Могут подумать: вот мрачная личность, вот мизантроп! Совсем напрасно: человек добрейший, вполне уравновешенный и приятный в обращении! И поесть любил Аполлон Андреевич, и мог выпить, не слишком от других отставая, конечно, соответственно возрасту. И знал наизусть некоторые задорные и вольные стишки входившего тогда в моду поэта-арапчонка Александра Пушкина. Но больше всего любил заупокойную службу, её прекрасные слова и волнующие душу мотивы. Имея средние музыкальные способности, подсаживался дома к клавесинам, брал аккорды и хрипловатым баском напевал: «Со святыми упокой» — и на словах «надгробное рыда-а-ние» растягивал «а» с дрожью в голосе, как бы прокатывая заоблачный гром по юдоли слёз.

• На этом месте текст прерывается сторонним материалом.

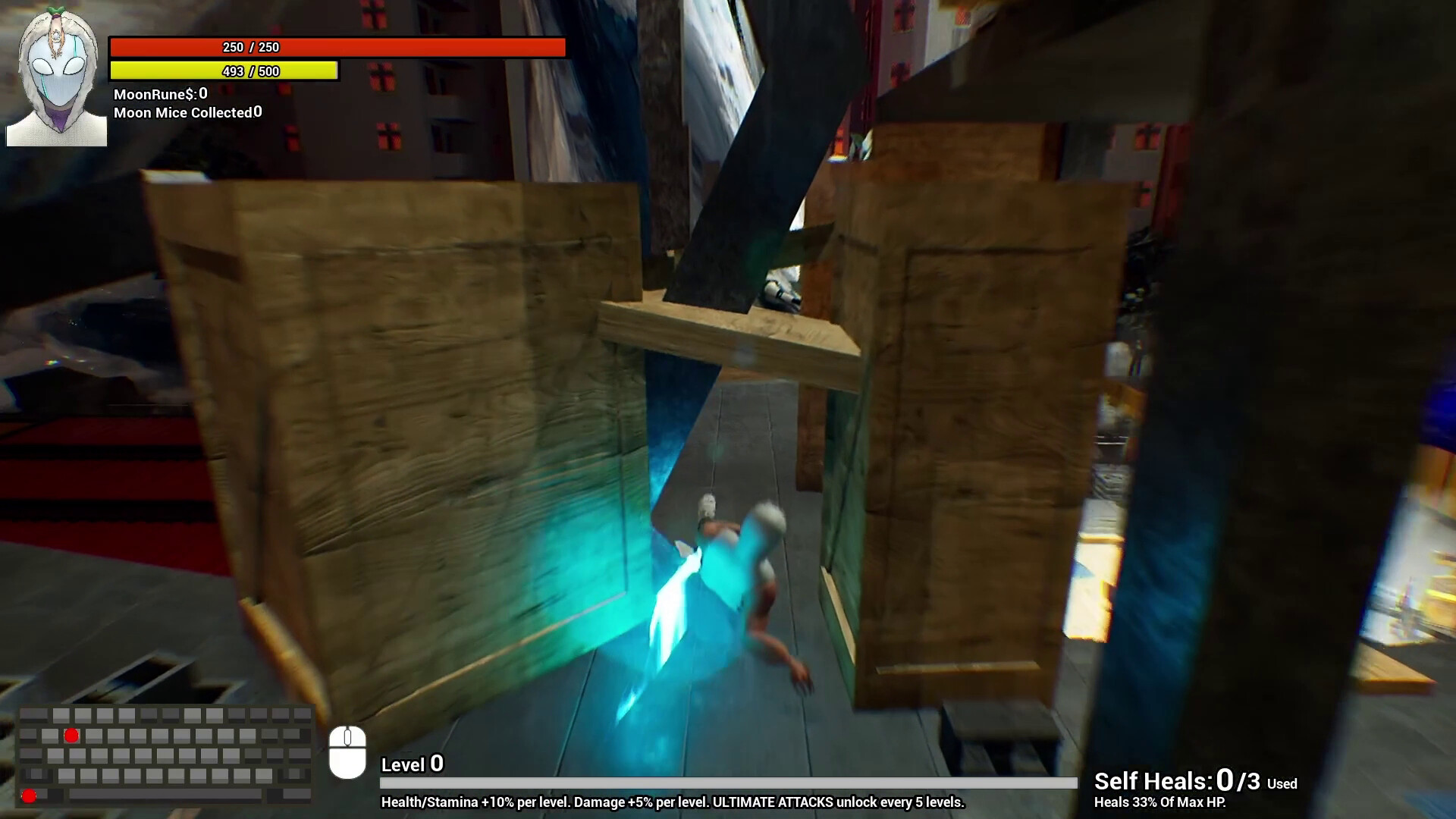 Moon Mice: The Game, is a solo-developed action game that blends souls-like with hack-and-slash combat, parkour-style traversal, and companion-based gameplay within a sci-fi world where humanity survives in floating cities powered by mysterious lunar creatures.

Красота!
При большой общительности знакомых имел немного; возможно, конечно, что сам их отчасти отпугивал преувеличенным интересом к их здоровью.

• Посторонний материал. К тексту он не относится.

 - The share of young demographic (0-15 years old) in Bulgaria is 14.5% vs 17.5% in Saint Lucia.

— Чтой-то вы похудели, дорогой! Под ложечкой боли не чувствуете?
— Нет, ничего.
— У иных не заметишь. Так, ни с чего, начнёт худеть, в лице бледность, лёгкое недомоганье, а через недельку волокут на Дорогомилово[216].
Дома говорил Манефе:
— Статского советника Пузырёва встретил. Идёт бодренький, а в лице что-то нездешнее. Человеку шестой десяток на второй половине, невелики года, а и моложе его, случается, помирают совсем неожиданно. Коробочку приготовила ли?
Одной из обязанностей Манефы было делать из старой бумаги коробочки с крышкой, и делала она это очень искусно, подмазывая где надо клейстером. В такие коробочки Аполлон Андреевич собирал и рядком укладывал на ватке дохлых мух, а потом хоронил их в саду, всегда в одном и том же месте, ряд за рядом, втыкая в могилку прутик, так как креста мухам, конечно, не полагалось. Близ мушиного кладбища была скамейка, и на ней Аполлон Андреевич любил сиживать на закате в хороший день, думая о грустном.
И вот случилось, что Аполлон Андреевич, при почтенном возрасте человек крепкий и здоровый, заболел серьёзно. Была поздняя осень, дождливая, холодная, и надо думать, что он простудился, провожая к вечному упокоению незнакомого, но очень хорошего человека, соседа по улице. Вечером лёгкий жарок, не прошедший от малинового чаю, а к утру озноб и слабость необычные. Была принята касторка, пятки намазаны горчицей и ноги обуты в шерстяные чулки — и всё-таки не легче. Был доктор, велел потеть, но как болезнь не проходила, то на третий день Аполлон Андреевич послал за знакомым гробовщиком, тем самым, у которого на вывеске было написано: «Krapu».
С приходом его очень оживился: выпростал руки из-под одеял, потребовал бумаги и карандаш и занялся делом с привычной обстоятельностью:
— В длину пусти на четверть подоле, чтобы не стеснять, а главное, Прохор Петрович, вымеряй ты мне плечики. Я в плечах довольно широк, да присчитай подушку, чтобы плечи лежали на ней, дерева прямо не касаясь.